# YOUR GOAL:
When you reach the line below that has "Naše mateřská škola", start returning lines exactly, and stop after the line that has "Grey English Rib"; skip the pictures.

# EXERCISE INPUT:
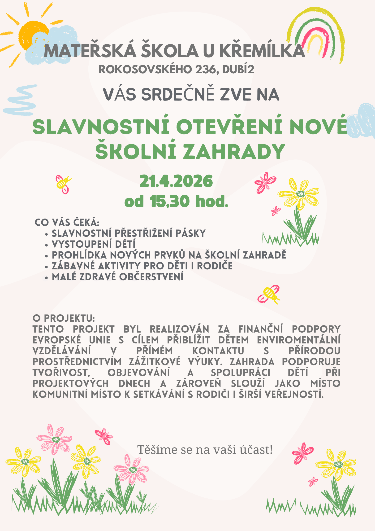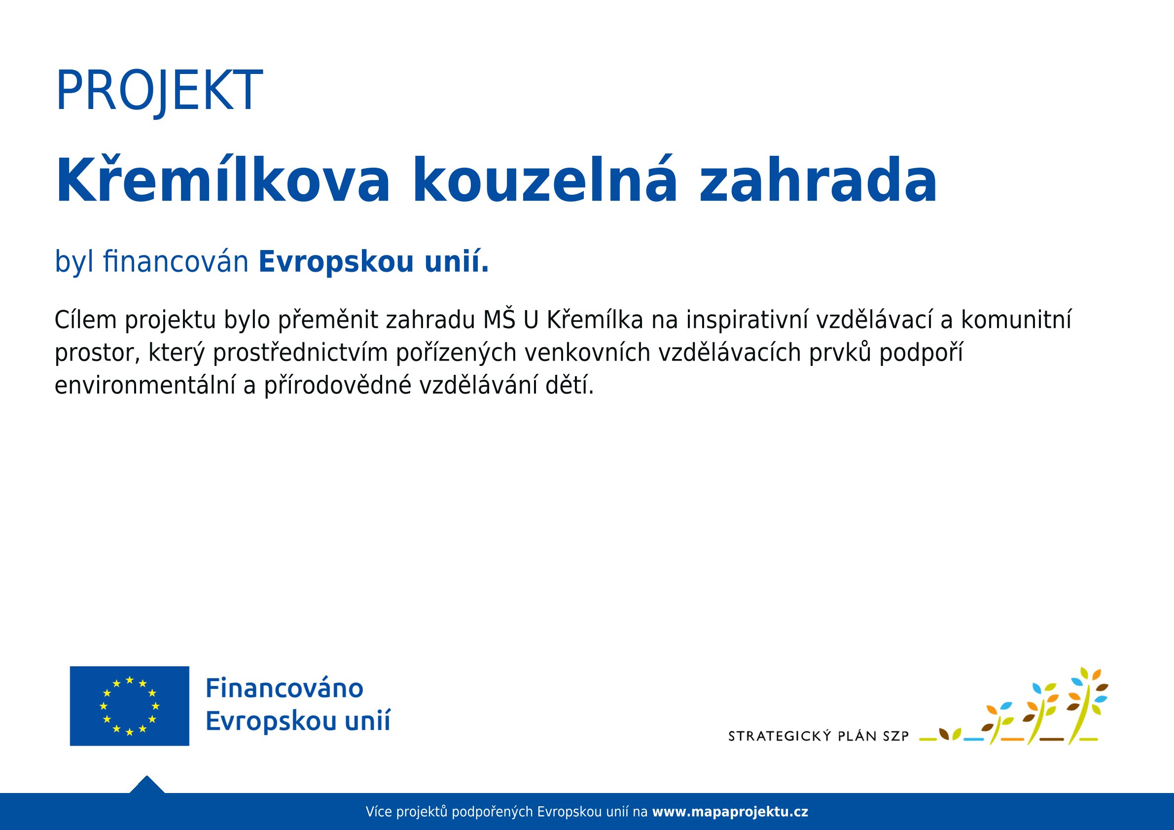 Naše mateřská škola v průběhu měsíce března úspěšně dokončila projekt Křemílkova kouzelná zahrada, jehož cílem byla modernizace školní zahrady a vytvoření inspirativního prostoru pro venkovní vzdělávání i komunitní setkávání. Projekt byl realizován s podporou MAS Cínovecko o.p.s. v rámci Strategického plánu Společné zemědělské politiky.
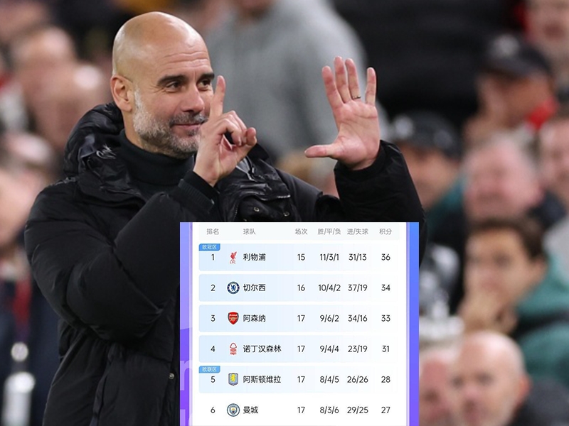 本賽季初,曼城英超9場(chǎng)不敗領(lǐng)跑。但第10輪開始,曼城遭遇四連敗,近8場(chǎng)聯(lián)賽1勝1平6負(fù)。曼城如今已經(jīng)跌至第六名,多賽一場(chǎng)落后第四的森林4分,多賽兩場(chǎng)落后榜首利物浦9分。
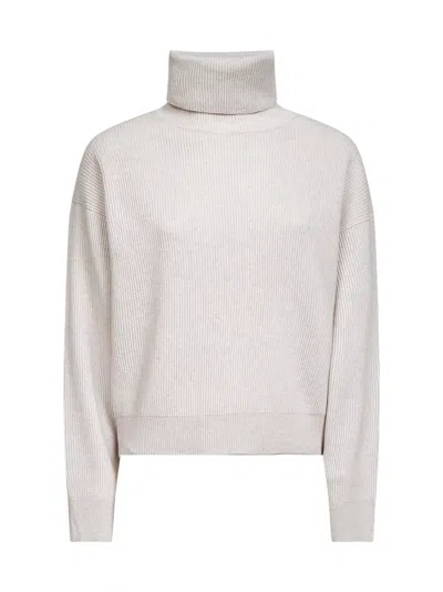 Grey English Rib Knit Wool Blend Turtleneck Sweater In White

--

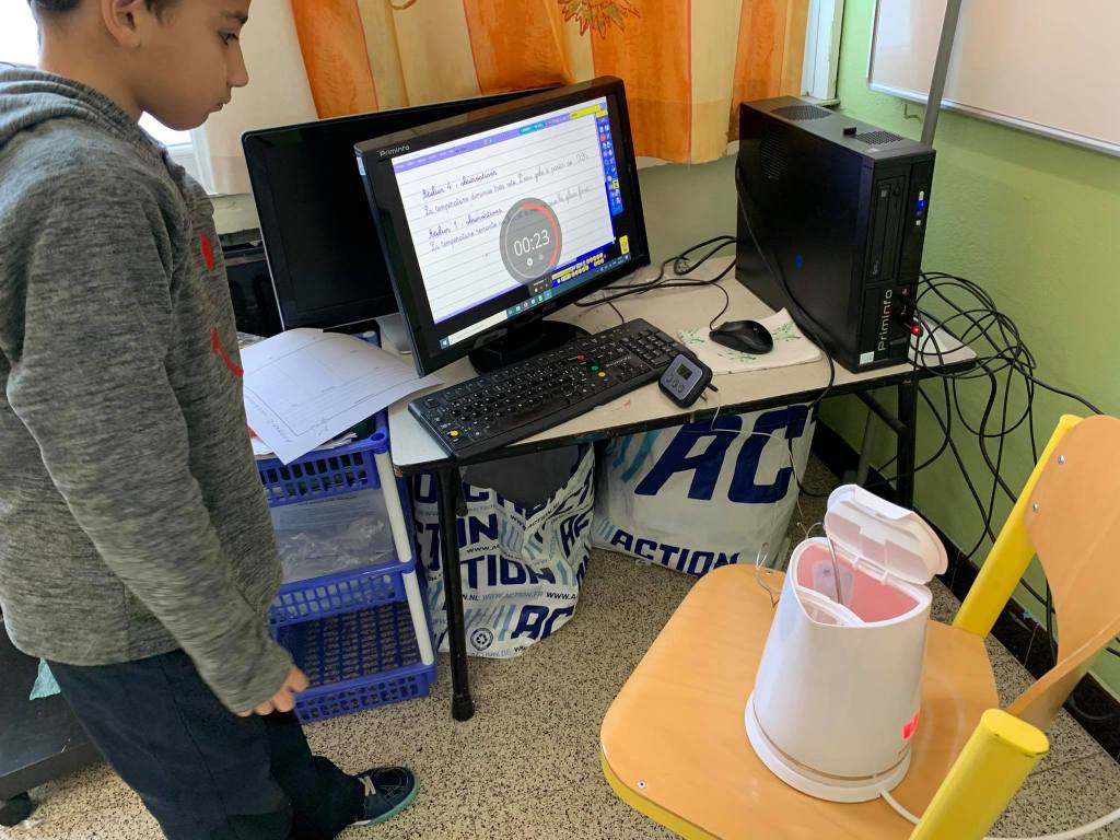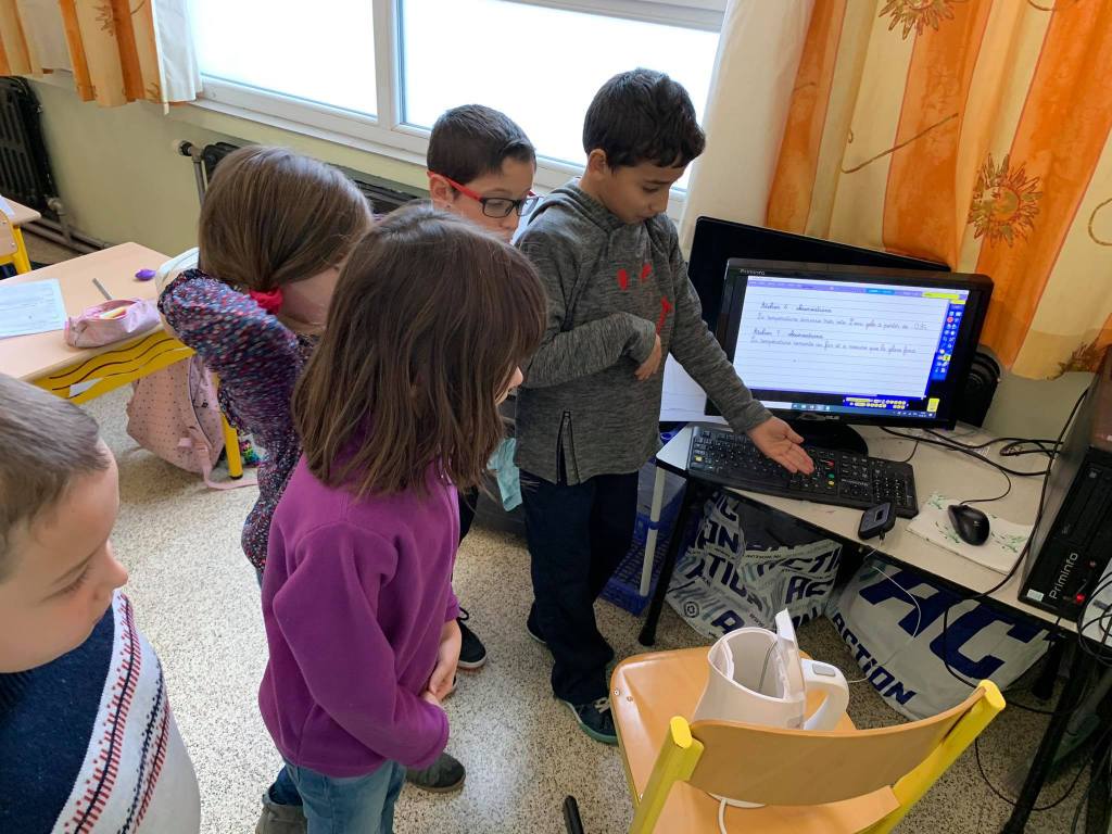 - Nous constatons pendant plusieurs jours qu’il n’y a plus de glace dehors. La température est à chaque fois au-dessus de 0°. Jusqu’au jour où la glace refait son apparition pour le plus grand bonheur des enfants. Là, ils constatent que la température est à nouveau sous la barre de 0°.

--

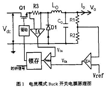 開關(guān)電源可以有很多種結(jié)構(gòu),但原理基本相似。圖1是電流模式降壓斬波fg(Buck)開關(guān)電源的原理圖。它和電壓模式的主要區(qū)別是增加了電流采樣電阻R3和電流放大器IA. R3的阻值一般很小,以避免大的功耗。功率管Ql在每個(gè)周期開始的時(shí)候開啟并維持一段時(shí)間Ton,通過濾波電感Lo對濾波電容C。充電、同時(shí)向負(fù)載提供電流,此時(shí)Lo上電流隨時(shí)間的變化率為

# SOLUTION TO THIS EXERCISE:
 Naše mateřská škola v průběhu měsíce března úspěšně dokončila projekt Křemílkova kouzelná zahrada, jehož cílem byla modernizace školní zahrady a vytvoření inspirativního prostoru pro venkovní vzdělávání i komunitní setkávání. Projekt byl realizován s podporou MAS Cínovecko o.p.s. v rámci Strategického plánu Společné zemědělské politiky.
 本賽季初,曼城英超9場(chǎng)不敗領(lǐng)跑。但第10輪開始,曼城遭遇四連敗,近8場(chǎng)聯(lián)賽1勝1平6負(fù)。曼城如今已經(jīng)跌至第六名,多賽一場(chǎng)落后第四的森林4分,多賽兩場(chǎng)落后榜首利物浦9分。
 Grey English Rib Knit Wool Blend Turtleneck Sweater In White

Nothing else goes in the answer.